John Warner is the author of seven books, including most recently "Why They Can't Write: Killing the Five-Paragraph Essay and Other Necessities" (Johns Hopkins UP) and "The Writer's Practice: Building Confidence in Your Nonfiction Writing" (Penguin), which draw upon his 20 years of experience as a writer and teaching of writing.
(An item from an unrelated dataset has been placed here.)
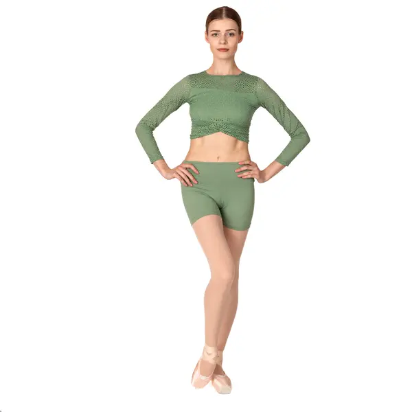 Crop top from limited edition, one of the leading producers of dancewear So Danca. 3/4 sleeves, airy elastic material and perforated pattern. Ideal for any movement class.

John's first book ("My First Presidentiary: A Scrapbook of George W. Bush" co-authored with Kevin Guilfoile) was written primarily in colored pencil and turned into a Washington Post #1 best seller. Since then he’s published a parody of writing advice ("Fondling Your Muse: Infallible Advice from a Published Author to a Writerly Aspirant"), more politically minded humor ("So You Want to Be President?"), a novel ("The Funny Man"), and a collection of short stories ("Tough Day for the Army"). From 2003 to 2008 he edited McSweeney’s Internet Tendency for which he now serves as an editor at large, and writes a weekly column for the Chicago Tribune on books and reading as his alter ego, The Biblioracle. He is a contributing writer to Inside Higher Ed, and can be found on Twitter @biblioracle.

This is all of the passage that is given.